This survey analyzed

data from 81,799 adults (45,148 men

This survey analyzed

data from 81,799 adults (45,148 men and 36,651 women) who underwent health examinations at Chang Gung Memorial Hospital, in northern Taiwan, from 2000 through 2007. Hyperuricemia was defined as an SUA greater than 7.7 mg/dL in men or greater than 6.6 mg/dL in women. Patients were classified by uric acid-metabolic syndrome status as follows: A = no hyperuricemia and no metabolic syndrome, B Selleck BMN673 = presence of metabolic syndrome but not hyperuricemia, C = presence of hyperuricemia but no metabolic syndrome, and D = presence of both hyperuricemia and metabolic syndrome. Kidney function was assessed in terms of the estimated glomerular filtration rate (eGFR) by using the Modification of Diet in Renal Disease Study equation modified for Chinese. CKD was defined as an eGFR < 60 mL/min/1.73 m(2).

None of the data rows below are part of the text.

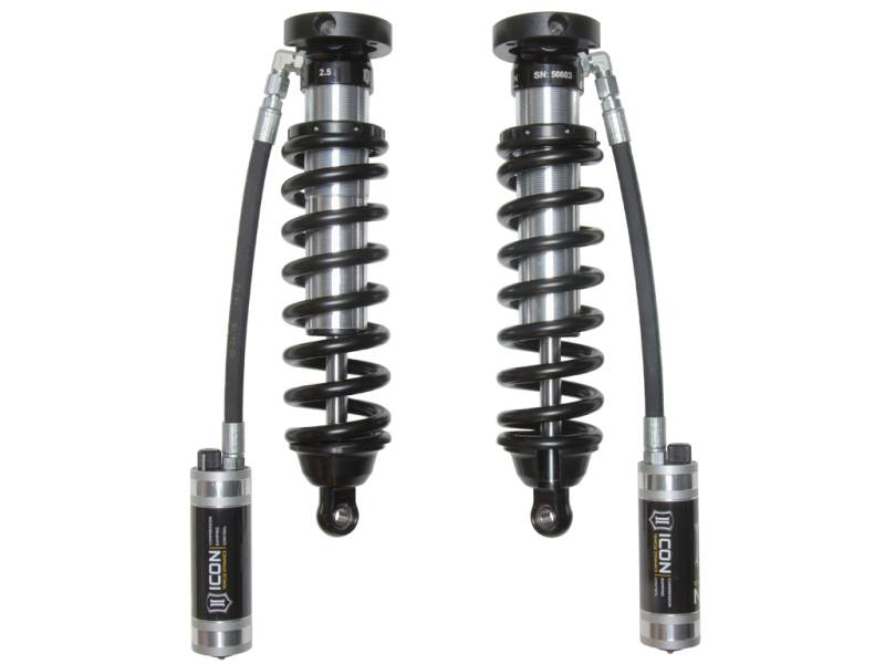 The ICON Vehicle Dynamics V.S. Series 2.5” remote reservoir coilover shocks w/ CDCV are an incredible upgrade for the front end of the 1996-2002 4Runner. ICON’s Vehicle-specific valving provides a sport tuned feel on and off-road while offering 0-3” of lift height adjustability for use of larger, more aggressive wheel and tire combinations. ICON's larger 2.5” shock body and increased piston area over stock components provides improved damping ability and outstanding ride characteristics across varying types of terrain. Remote reservoirs ensure optimum performance by increasing the duration of consistent damping regardless of situation, keeping the shocks at a cooler operating temperature during heavy use. The ICON CDC Valve upgrade is included for those desiring an easy way to tune the ride externally with 10 adjustment settings from soft to hard. When paired with ICON rear 2.0 Aluminum Series or 2.5 Series shocks, vehicle control will be balanced front to rear resulting in the best overall driving experience for your 4Runner.
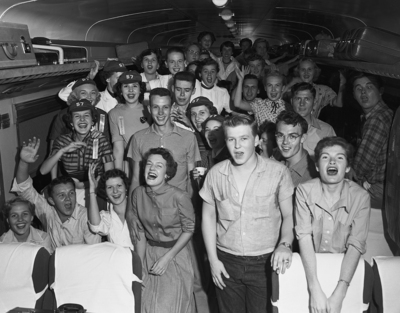 A group of TCU students who left on a train en route to Fayetteville for a game against the Arkansas Razorbacks.
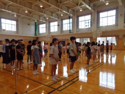 今日から2学期が始まりました。体育館では、八幡っ子がそろって始業式を行いました。式の後には、2学期の学校生活や80周年記念行事についての話を聞きました。2学期も充実した学校生活となるよう、ご協力をどうぞよろしくお願いいたします。
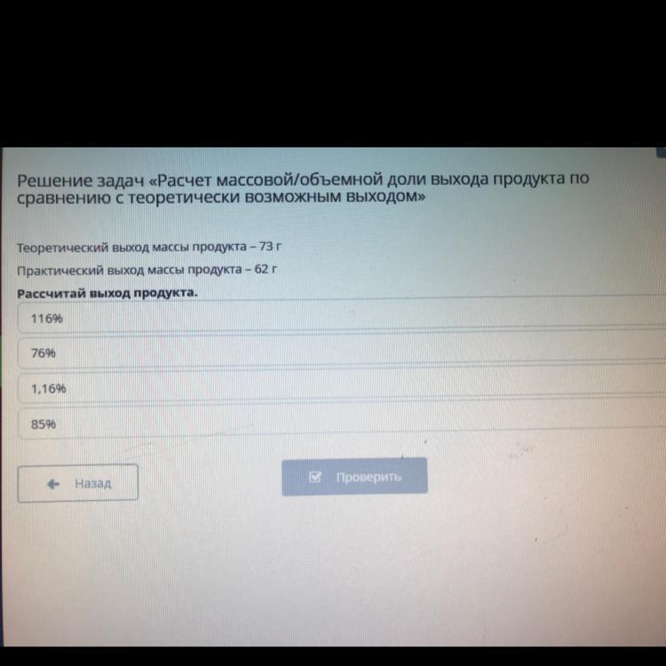 Решение задач «Расчет массовой/объемной доли Выхода продукта по
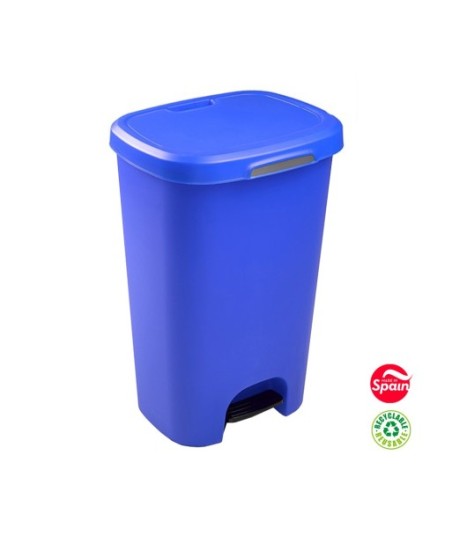 Este contentor com pedal tem uma capacidade de 50 litros. ¶Tem um design moderno e contemporâneo, concebido para ser utilizado no exterior, à vista de todos. ¶¶Cor: Azul¶Cor do pedal: Preto ¶Material: Plástico
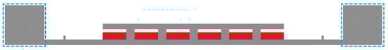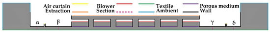 The model for the CFD analyses was generated considering the two-dimensional longitudinal section of a single stenter module. Since the machine is vertically symmetrical relative to the textile, only the upper half of the geometry was created to reduce the use of computational resources and speed up calculations. Three cell zones were defined, as shown in Figure 4 where the main fluid domain, the porous media and the blowing arrays are respectively represented in grey, violet and red. The latter two zones represent the internal recirculation circuit of the machine, while the main fluid domain covers both internal recirculation and the external air. Indeed, a correct fluid domain definition requires that representative portions of the ambient air section both upstream and downstream of the stenter inlet and outlet, as well as the air inside the machine, are considered. The external air regions (dashed light blue line) were sized during preliminary analyses with the aim of modelling the ambient region, which is perturbed by the air flow induced by the machine.
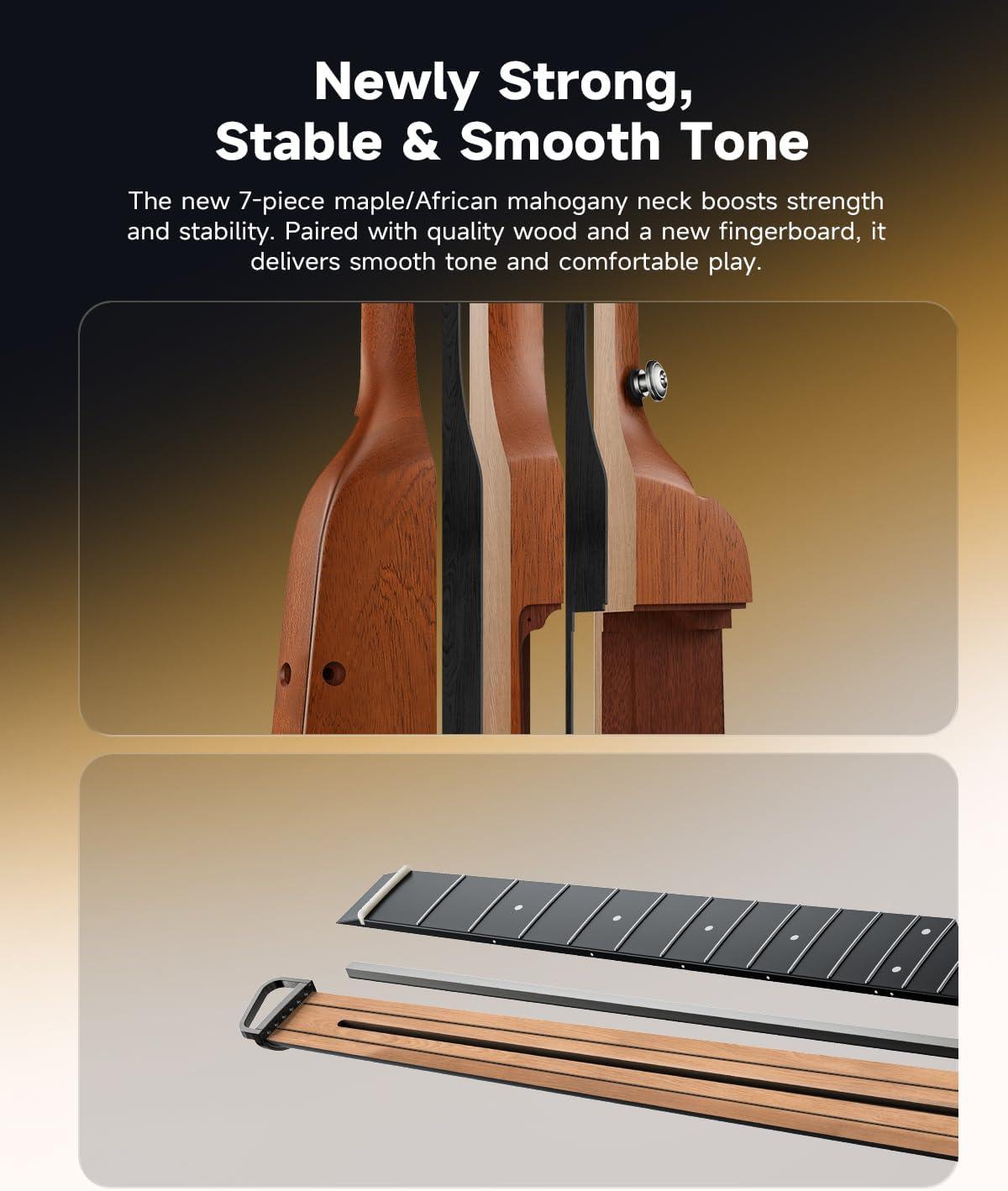 【Upgraded Neck Construction】Upgraded to a 7-piece maple and African mahogany neck for greater strength, stability, and warp resistance. The slim C-shape, integrated design, HPL fingerboard, and bone nut ensure smooth playability, balanced resonance, and a warm, natural tone across climates.

The prevalences of hyperuricemia, metabolic syndrome, and CKD were 22.8% (26.3% in men and 18.6% in women), 13.5% (15.0% in men and 11.6% in women), and 2.2% (2.1% in men and 2.2% in women), respectively. In men, the age-adjusted odds ratios for CKD, with group A as reference,

were 1.95 for group B, 4.86 for group C, and 5.85 for group D. In women, the age-adjusted odds ratios were 1.96 for group B, 6.66 for group C, and 9.01 for group D. Hyperuricemia is strongly associated with CKD, independent of the presence of https://www.selleckchem.com/products/lonafarnib-sch66336.html metabolic syndrome.”
“Background: Ventricular rate control (VRC) is an important treatment strategy for patients with permanent atrial fibrillation (AF). We assessed the prevalence of poor VRC and the adequacy of various intermittent monitoring regimens to accurately characterize HER2 inhibitor VRC during permanent AF. Methods: We retrospectively analyzed data from dual chamber implantable cardioverter defibrillator (ICD) and cardiac resynchronization therapy defibrillator (CRT-D) patients in the Medtronic Discovery (TM) Link having permanent AF (AF burden >23 hours/day) and =365 consecutive days of device data. Poor VRC was defined as a day with the mean ventricular rate during AF >100 beats/minute (bpm) for ICD patients and >90 bpm for CRT-D patients. Intermittent monitoring regimens were simulated

from continuous device data by randomly selecting subsets of days in which data were available for analysis. Assessments of poor VRC were computed after replicating 1,000 simulations. Results: ICD (n = 1,902, age = 71 +/- 10) and CRT-D (n = 3,397, age = 72 +/- 9) patients were included and followed for 365 days. The prevalence of poor VRC was 24.8% among ICD patients and 28.6% among CRT-D patients. Significantly more patients were identified as having poor VRC with continuous monitoring compared to all intermittent monitoring regimens (sensitivity range = 8%31%). Furthermore, 11.6% of ICD patients and 17.9% of CRT-D patients experienced =7 days with poor VRC, to which the sensitivities of annual 7- and 21-day recordings were <7% and <20%, respectively.